Did you design the analysis in Atlas and then download the package as a zip? If so, then all Atlas did was build some R scripts, put it into a folder structure, compressed it as a zip, and then sent it down to you. I’m not sure if your environment is configured to execute analyses directly in atlas, but if so, it simply runs the R script that was bundled in the zip. If you did want to trace what it is doing, you could just open the script in RStudio, and set breakpoints.
They do. In the case of Characterization, we retrieve the SQL for features and execute them directly in the WebAPI layer. For estimation and prediction, the calls to the FeatureExtraction library are called from within the generated R script (which would execute in the context of an R session). But characterization doesn’t allow you to specify any of the exclusion parameters of feature extraction, but PLE does. It looks like you are using the exclusion paramater for this analysis, and that’s why I belive the bug is related to something where the excluded concepts are loaded into a temp table.
Depending on your environment and database indexes and configuration, it may run a long time. You can always generate the cohort in atlas to get an idea of what the cohort generation will take. You can also step through the R code to see the timing of cohort generation. I thought there was console output describing what was happening in the package, but I could be wrong.
Without really knowing anything about your environment or the cohorts/analysis you are trying to execute, it’s not easy to give you specific advice.
Appreciate you clarifying my lazy English, @Chris_Knoll.
For context: I took @mattspotnitz’s cohort from public ATLAS (http://www.ohdsi.org/web/atlas/#/estimation/cca/81) and imported it via Utilities into my internal ATLAS that we just updated to 2.7.2. (@Konstantin_Yaroshove could speak to the configuration – it’s a RedShift data layer.) In the UI, I used the execution tab to run it against a data set.

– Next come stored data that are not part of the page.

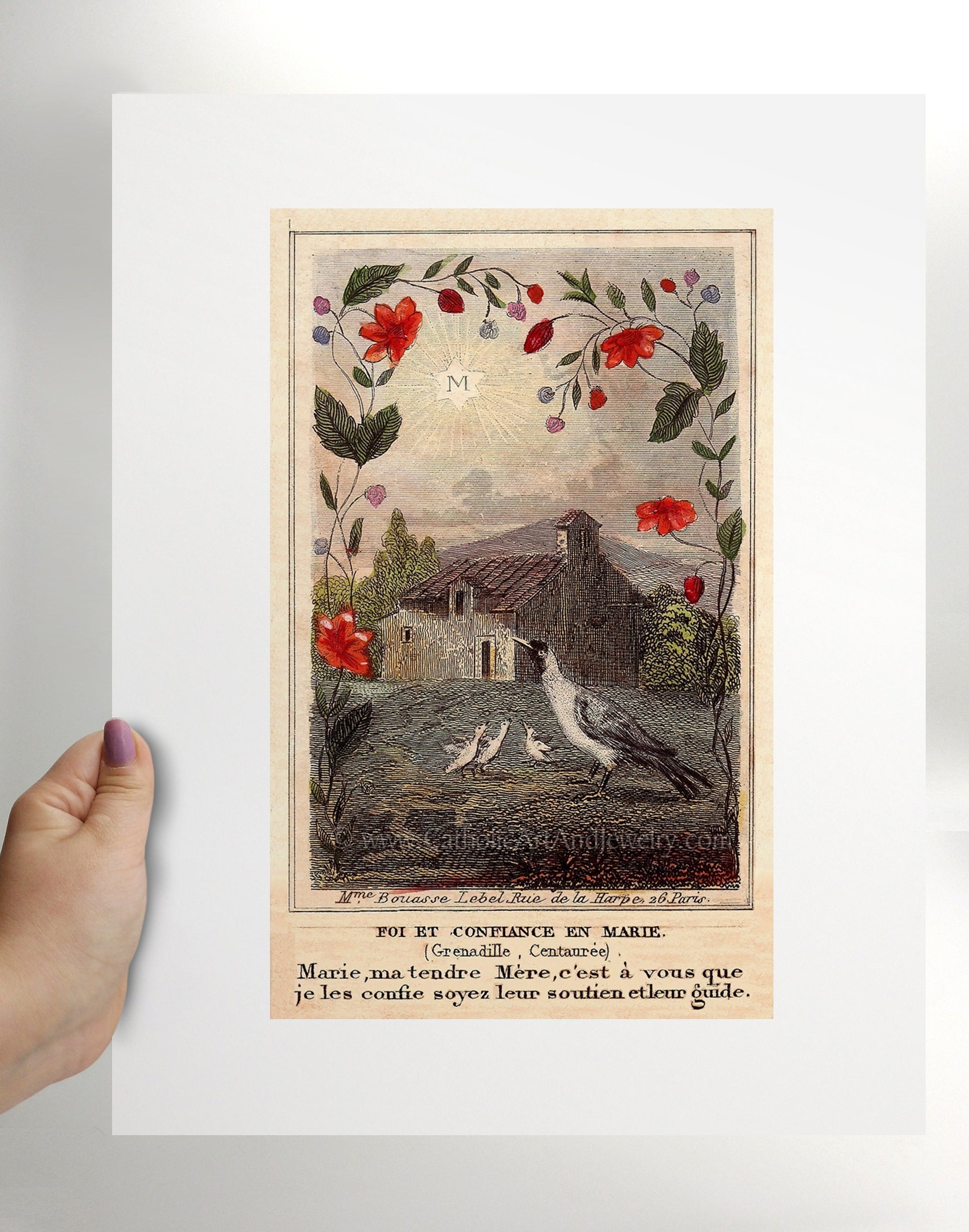 Faith and Confidence in Mary – based on a Vintage French Holy Card – Catholic Art Print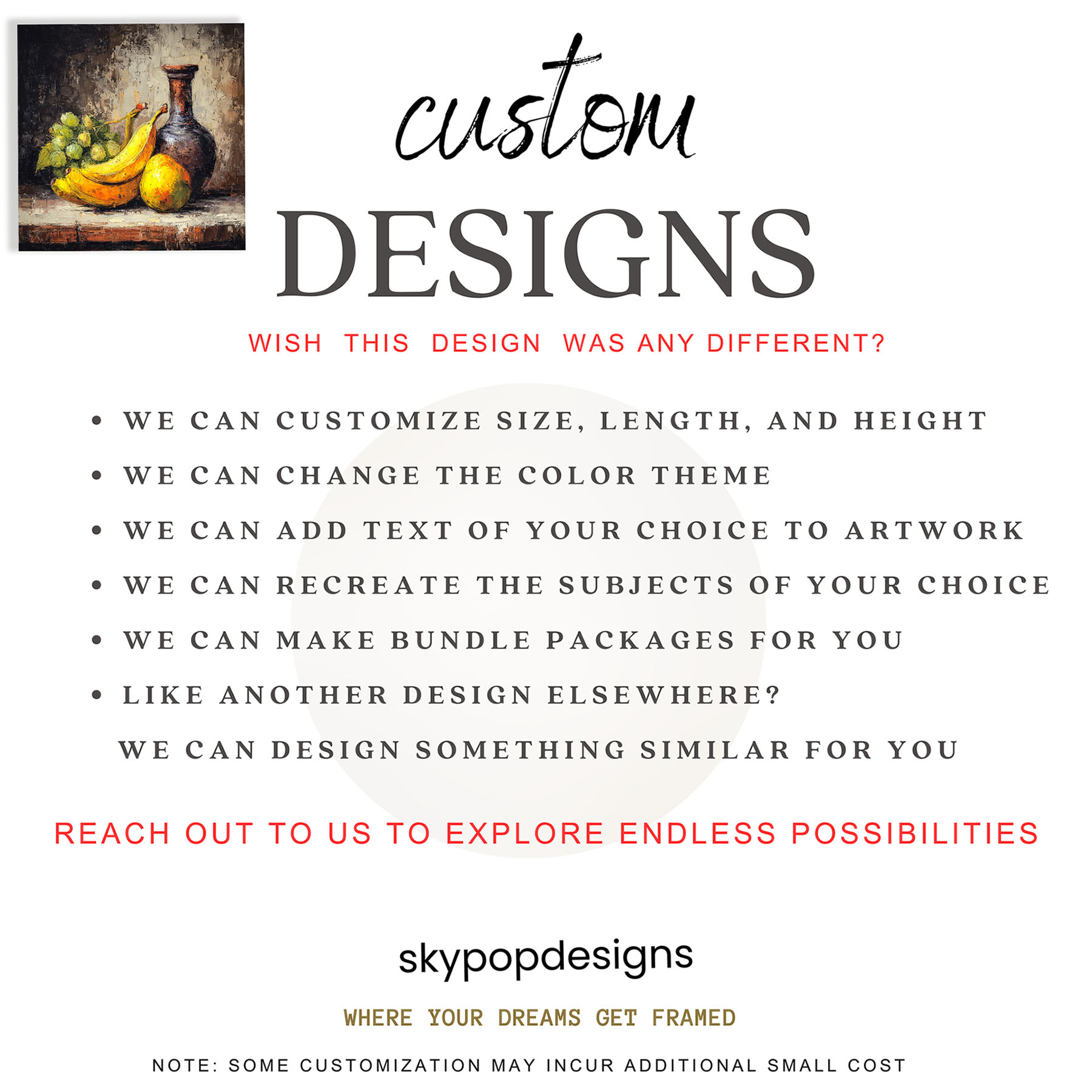 At SKYPOPDESIGNS, we specialize in high-quality canvas and poster prints designed to bring sophistication and style to your space. Please note that our designs are not created with 3D textures or as original oil, acrylic, or watercolor paintings; they are instead HD reproductions of original artwork. This approach allows us to offer these visually stunning pieces at competitive prices, ensuring you receive top-tier, maintenance-free art that’s easy to enjoy.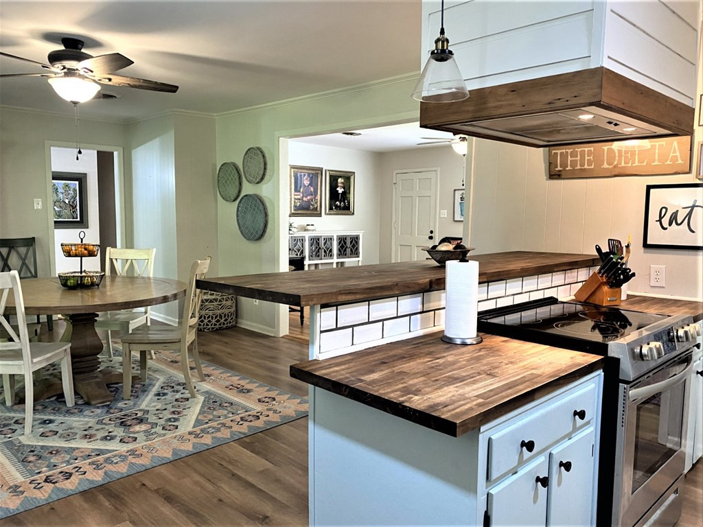 UPDATED HOME WITH LOTS OF CHARM. YOU WILL LOVE THE NEW LOOK OF THIS NICE BRICK 3 BEDROM 2 BATH HOME IN FOREST LAWN SUBDIVISION. GREAT KITCHEN WITH A BREAKFAST BAR, WOOD COUNTERTOPS, ELECTRIC STOVE OVEN, BUILT INS & SPACIOUS PANTRY SPACE. NICE FLOORING & PAINT COLORS THROUGHOUT. FRENCH DOORS OPEN TO A LARGE COVERED PATIO WITH STORAGE AREA & FENCED BACKYARD. TWO CAR COVERED PARKING. SELLER IS A LICENSED REALTOR IN MS. CALL LISTING AGENT FOR MORE INFORMATION. NONE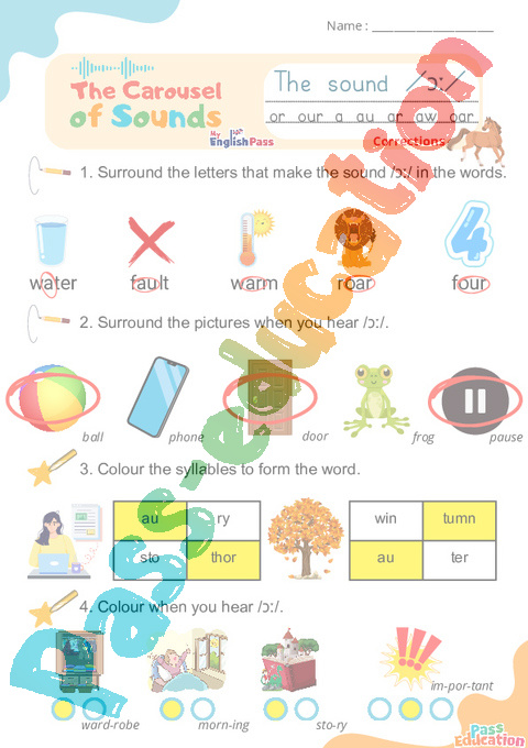 Correction ɔː or our a au ar aw oar – Phonologie anglaise – Carousel of Sounds pdf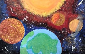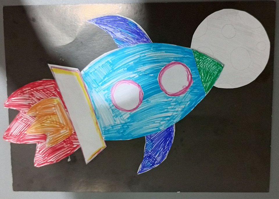 Ученица 1-ого класса, 7 лет. Работа выполнена в технике аппликации. Использовались цветная бумага, фломастеры.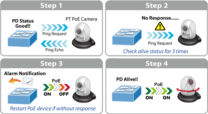 The IGS-5227X-4P2T can be configured to monitor connected PD’s status in real time via ping action. Once the PD stops working and responding, the IGS-5227X-4P2T will recycle the PoE port power and bring the PD back to work. It also greatly enhances the reliability in that the PoE port will reset the PD power, thus reducing administrator’s management burden.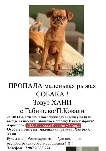 Маленькая рыжая собачка. Отзывается на Хани,...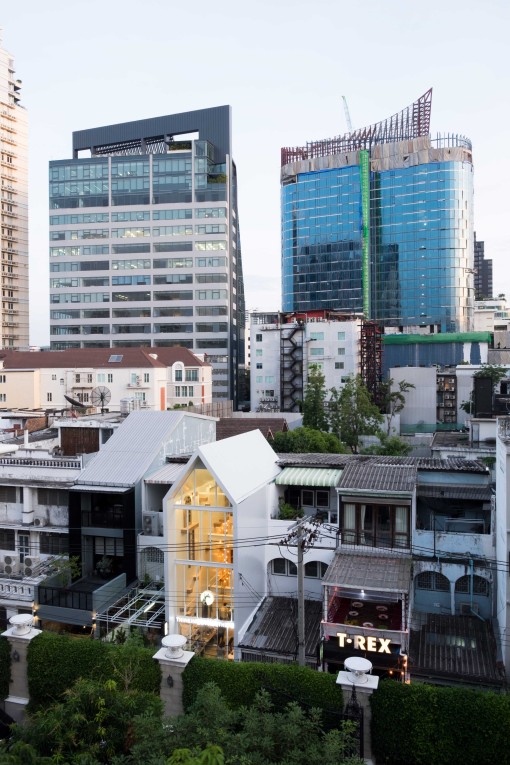 TREE คือไอเดียของการทำ Form ของตึกใหม่นี้ รูปทรงของต้นสนที่เป็นยอด 3 เหลี่ยมแหลม เราอยากให้ Form นี้เกิดขึ้นที่ร้านแห่งนี้ เหมือนเป็นต้นไม้สูงแห่งเดียวในย่านทองหล่อ
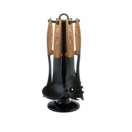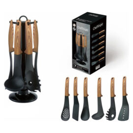 Cheffinger – 7-delige Keukengerei Set met Standaard – Houtlook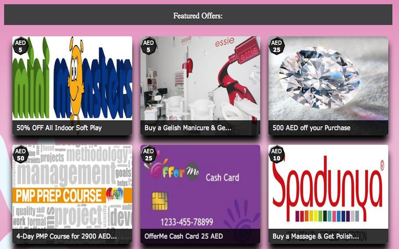 Launched in November 2012 in the United Arab Emirates, as part of the OfferMe Group, OfferMe FZ LLC is designed to provide our customers countless offers at numerous retailers, dining outlets, leisure and entertainment venues and service partners in the UAE. We offer our customers an innovative and simple new approach to indulge in the limitless opportunities to entertainment without emptying their wallets.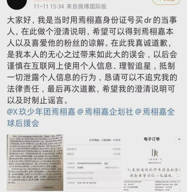 多亏明星们的公司也不是吃素的,很快当事人就站出来道歉,说明自己冒用了爱豆的身份证号,给自己买了钻戒,锁上了他的“真爱名额”。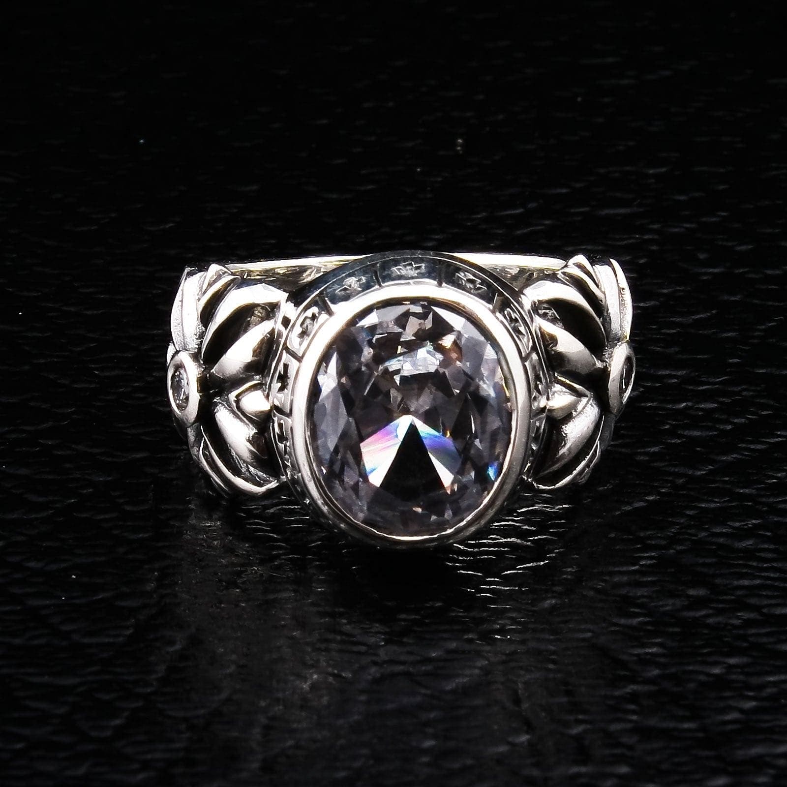 💎 찬란한 화이트 토파즈: 거대한 타원형 컷의 다이아몬드처럼 맑은 화이트 토파즈 CZ 스톤이 세팅되어, 맑은 정신과 힘을 상징합니다.

You’re right. Though, if you’re using the execution tab and not dumping this into R, this file is quietly in the background and only becomes apparent after the code eventually knows to kill/stop itself. Totally fine but if you are trying to follow along from execution via UI, it’s not as straightforward. You’re on a bit of a treasure hunt for the information of what happened.
Ultimately, I downloaded the ZIP output to see where it landed.
For other context: @mattspotnitz has been passing around just the ZIP of the ATLAS study package. Many of us (@izzysrdks @George_Argyriou) are working on testing it in our local environments (sans running via ATLAS) and having issues. So my hunch is something is funky about this particular package.
I admittedly overgeneralized. I just looked at my runs for a different Estimation package (http://www.ohdsi.org/web/atlas/#/estimation/cca/80) that I imported into our ATLAS. In this case, there’s no ErrorReport so I think the package actually executed correctly… but again, trying to decode what spits out after using the Execution tab is a bit of walking in the dark. Not sure what I’m actually looking at but I guess the absence of an ErrorReport is a good thing? Let’s call that issue #2. Which is to say – if someone from the ATLAS team can explain to me what’s what, I’ll happily write up a blurb we can publish on the GitHub wiki so other folks can use the resource.
In the short order, I’m going to email @schuemie the output I’ve got from this run and copy @mattspotnitz since it’s really his study. Big picture, it seems like something about this particular study is not rendering correctly when it’s spit into an ATLAS PLE package. Maybe it’s actually a cohort creation issue? Not sure whose issue queue this falls just being a squeaky wheel til I find the right home for this problem.
So the problem was in DatabaseConnector, and can be solved by upgrading to the latest development version:
Taking a step back, the reason we did not observe this issue in our unit tests is because our unit tests only test against SQL Server, Oracle, and PostgreSQL. @lee_evans: perhaps we could add a RedShift testing environment?